Paes acusa uso político da polícia após prisão de vereador no Rio; Cury rebate

A prisão do vereador do Rio de Janeiro Salvino Oliveira (PSD) durante uma operação da Polícia Civil do Estado do Rio de Janeiro gerou uma forte troca de declarações entre o prefeito da capital, Eduardo Paes, e autoridades do governo estadual ligadas ao governador Cláudio Castro.
Em vídeo publicado nas redes sociais, Paes afirmou que não tolera irregularidades e disse que cobrará punição caso seja comprovado qualquer envolvimento do vereador com atividades ilegais. No entanto, o prefeito também levantou suspeitas sobre possível uso político das forças policiais do estado.
“Quero deixar claro mais uma vez: eu e o governador Cláudio Castro somos muito diferentes. Eu não sou conivente com nenhum tipo de ilegalidade. Se ficar comprovado qualquer envolvimento do vereador ou de quem quer que seja, eu vou ser o primeiro a cobrar punição e exigir que a Justiça seja feita. Aqui não se passa mão em cabeça de quem faz coisa errada”, declarou Paes.
Apesar disso, o prefeito afirmou estranhar o momento da operação e voltou a criticar o que chamou de uso político das forças de segurança pelo governo estadual.
“O que não dá pra aceitar é algo que eu venho denunciando há muito tempo: o uso político das forças policiais comandadas pelo governador Cláudio Castro, e muito menos a infiltração do crime organizado na política”, afirmou.
Na gravação, Paes também mencionou casos de aliados do governo estadual que teriam sido presos em investigações recentes e criticou a postura do governador.
“O governador é omisso e conivente com aliados que se envolvem com o crime”, disse.
O prefeito afirmou ainda que a própria Prefeitura do Rio teria denunciado, em 2025, uma tentativa de interferência do crime organizado na exploração de quiosques no bairro Gardênia Azul. Segundo ele, a denúncia foi feita por autoridades municipais à Polícia Civil e comunicada ao governo do estado e ao Ministério Público.
Sobre o vereador preso, Paes destacou a origem humilde de Salvino Oliveira e disse que ele nunca teria feito pedidos relacionados ao tema investigado.
“Salvino Oliveira é um jovem vereador eleito, com origem simples, nascido na Cidade de Deus, que nunca me fez qualquer pedido em relação a esses quiosques”, declarou.
Ao final do pronunciamento, o prefeito reiterou que apoia a investigação, desde que ela ocorra com independência.
“Se a polícia comprovar a ligação do vereador Salvino com qualquer um desses delinquentes, eu vou ser o primeiro a condenar”, afirmou.
Polícia Civil rebate acusações de motivação política
As declarações do prefeito foram respondidas pelo secretário de Polícia Civil do estado, o delegado Felipe Cury, que afirmou que a investigação seguiu todos os trâmites legais e não possui qualquer motivação política.

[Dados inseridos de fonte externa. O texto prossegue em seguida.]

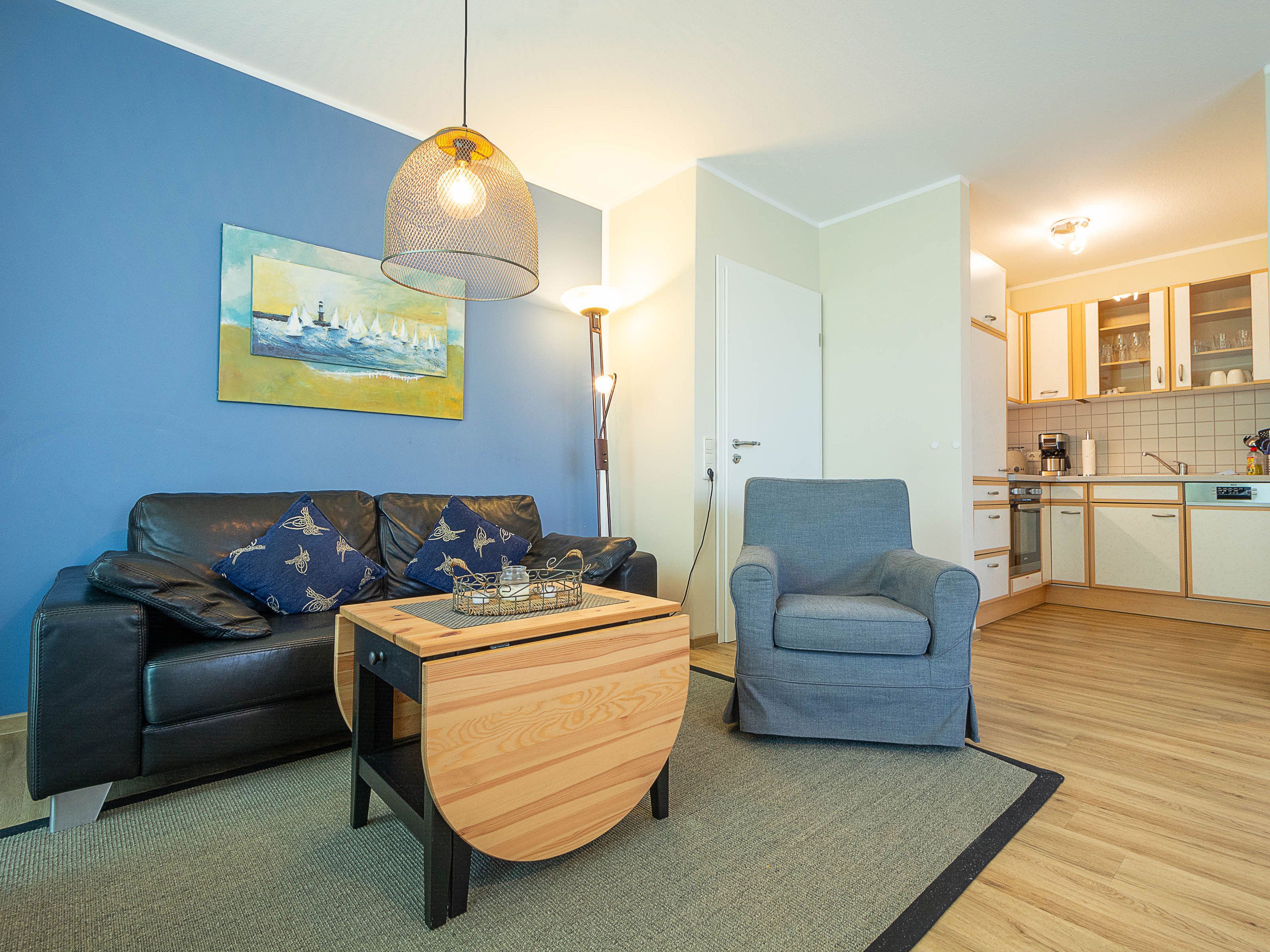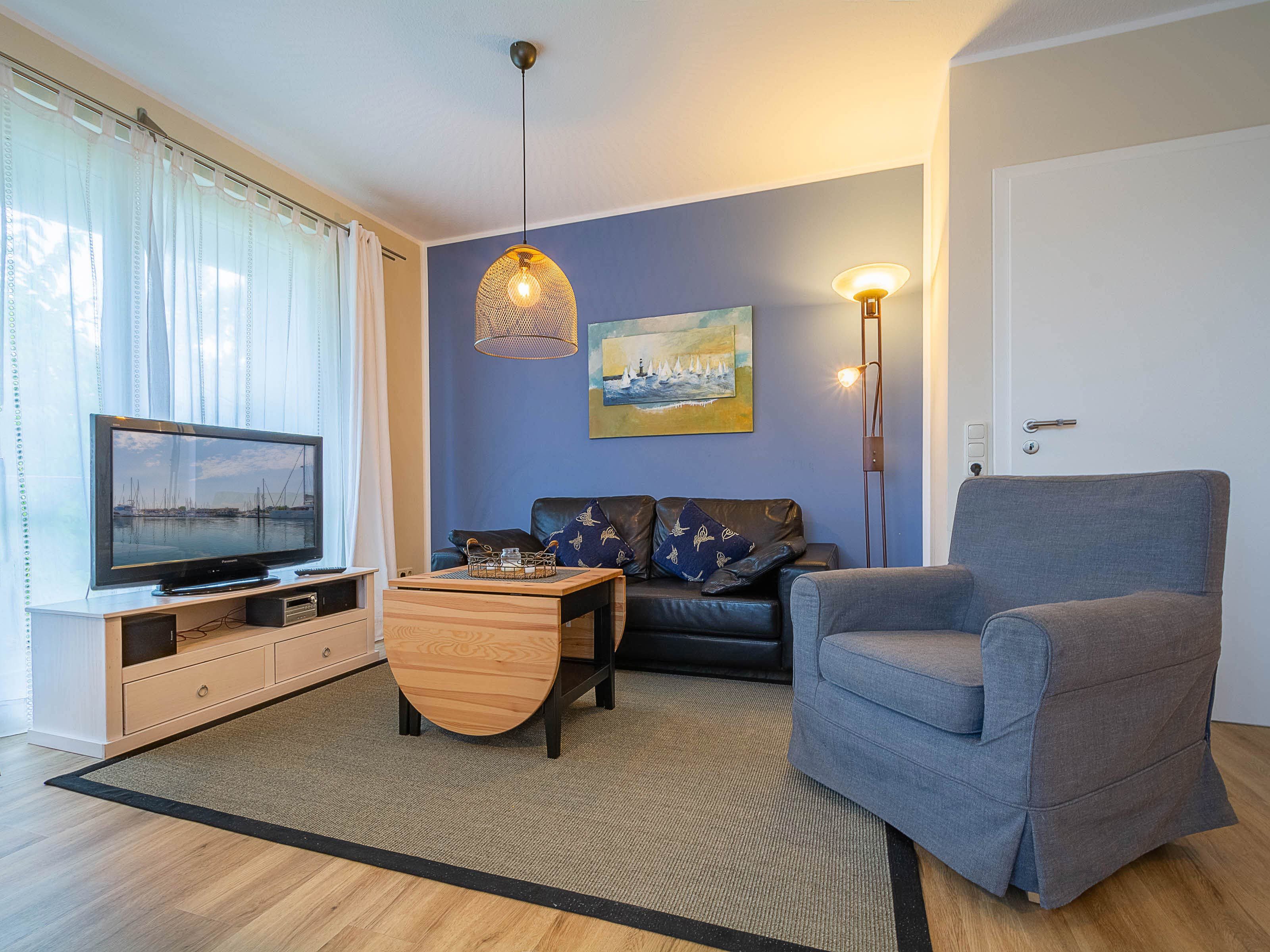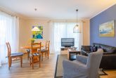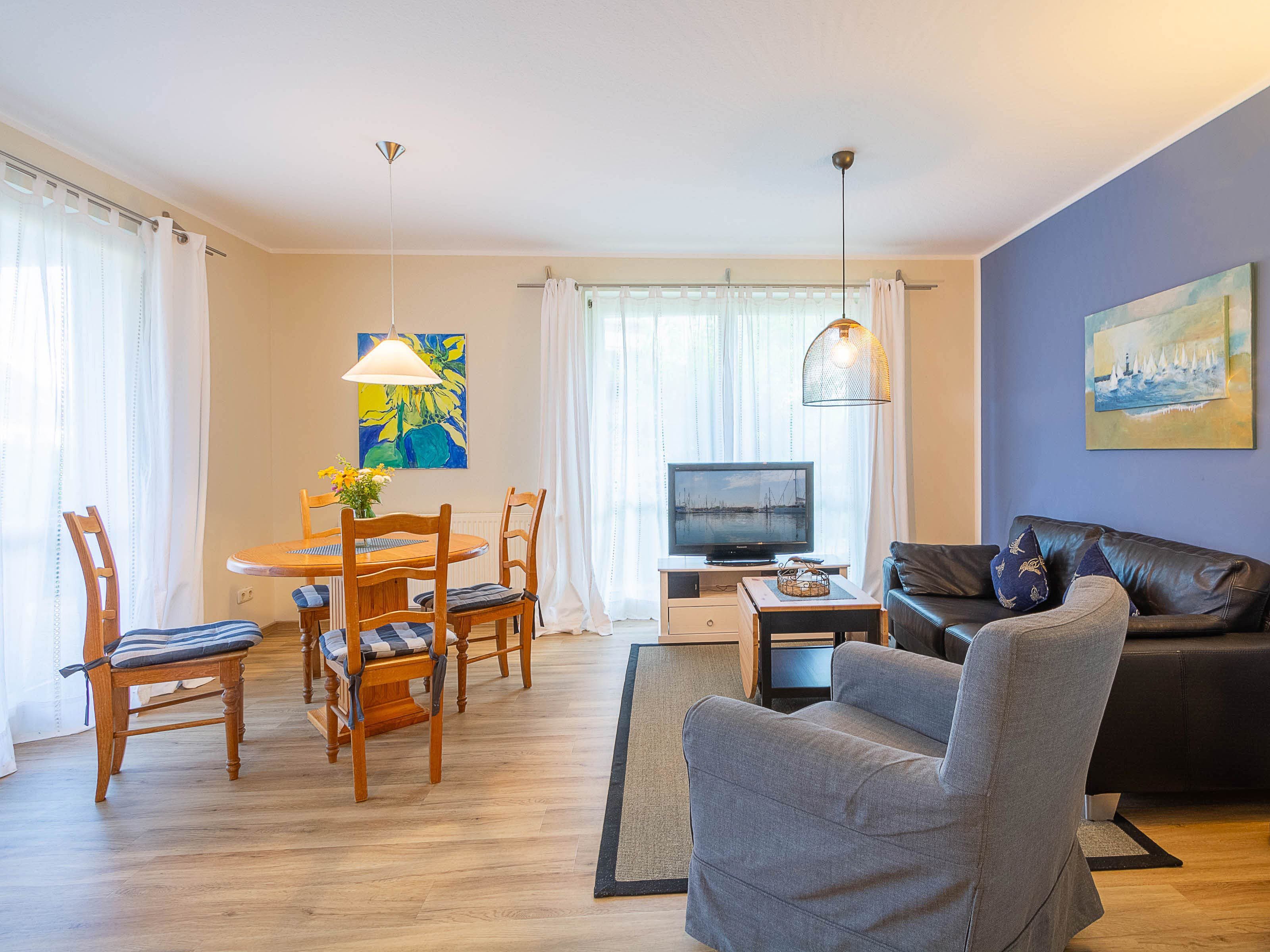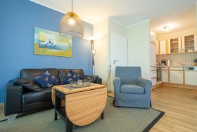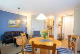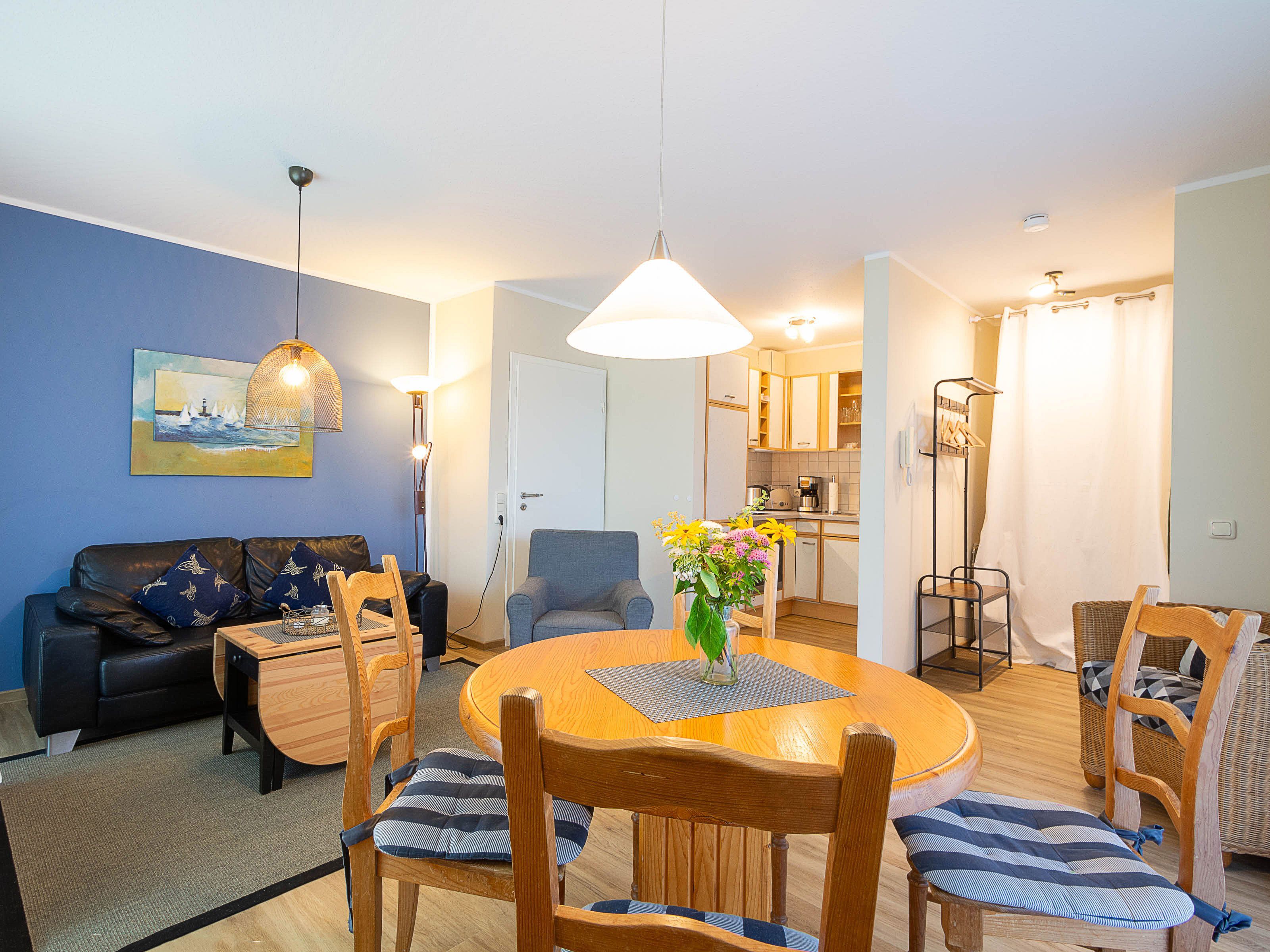 Ankommen und Wohlfühlen: Die gemütlich eingerichtete 3-Raum-Ferienwohnung von 62qm Größe befindet sich im Erdgeschoss und empfängt Sie mit einem gemütlichen offenen Wohnbereich. Hier finden Sie eine bequeme Couchgarnitur vor sowie einen 37-Zoll-Flatscreen-TV. Ein gemütlicher Esstisch mit 4 Stühlen lädt zum langen Frühstück und schönen gemeinschaftlichen Mahlzeiten ein. Von hier können Sie die möblierte West-Terrasse betreten, welche im Sommer die warme Abendsonne für Sie einfängt.

Segundo Cury, a apuração começou ainda em 2024 e passou por diferentes instâncias antes da execução dos mandados.
“A investigação que levou à prisão do vereador Salvino começou em 15 de outubro de 2024. A representação pela prisão foi feita no dia 1º de janeiro de 2026. O Ministério Público analisou e deu parecer favorável pela prisão no dia 21 de janeiro de 2026. O Poder Judiciário autorizou os mandados no dia 27 de fevereiro de 2026 e eles foram expedidos efetivamente no dia 3 de março de 2026”, afirmou.
O delegado destacou que a decisão não foi política, mas judicial.
“Ou seja, a análise da prisão passou por três esferas diferentes e independentes: a Polícia Civil, o Ministério Público e o Poder Judiciário. Não é decisão de governo, é uma decisão da Justiça.”
Cury também ressaltou que a própria operação atingiu integrantes das forças de segurança.
“Existe uma prova ainda mais clara de que essa investigação é séria e não tem qualquer lado político. Ela cortou na própria carne do Estado. Nessa operação, seis policiais militares foram presos, inclusive dois oficiais.”
O secretário concluiu dizendo que a polícia atua com base nas provas reunidas durante as investigações.
“A polícia não escolhe alvo por posição política, por grupo ou por conveniência. Se durante uma investigação aparecem provas de crime, a polícia faz o que a lei manda: investiga, pede a prisão à Justiça e prende.”
Caso segue sob investigação
A operação que resultou na prisão do vereador Salvino Oliveira segue em andamento, e o caso deve continuar sendo analisado pela Justiça e pelo Ministério Público.
Enquanto isso, o episódio ampliou a tensão política entre a Prefeitura do Rio e o Governo do Estado, em meio ao debate sobre segurança pública e o combate ao crime organizado no Rio de Janeiro.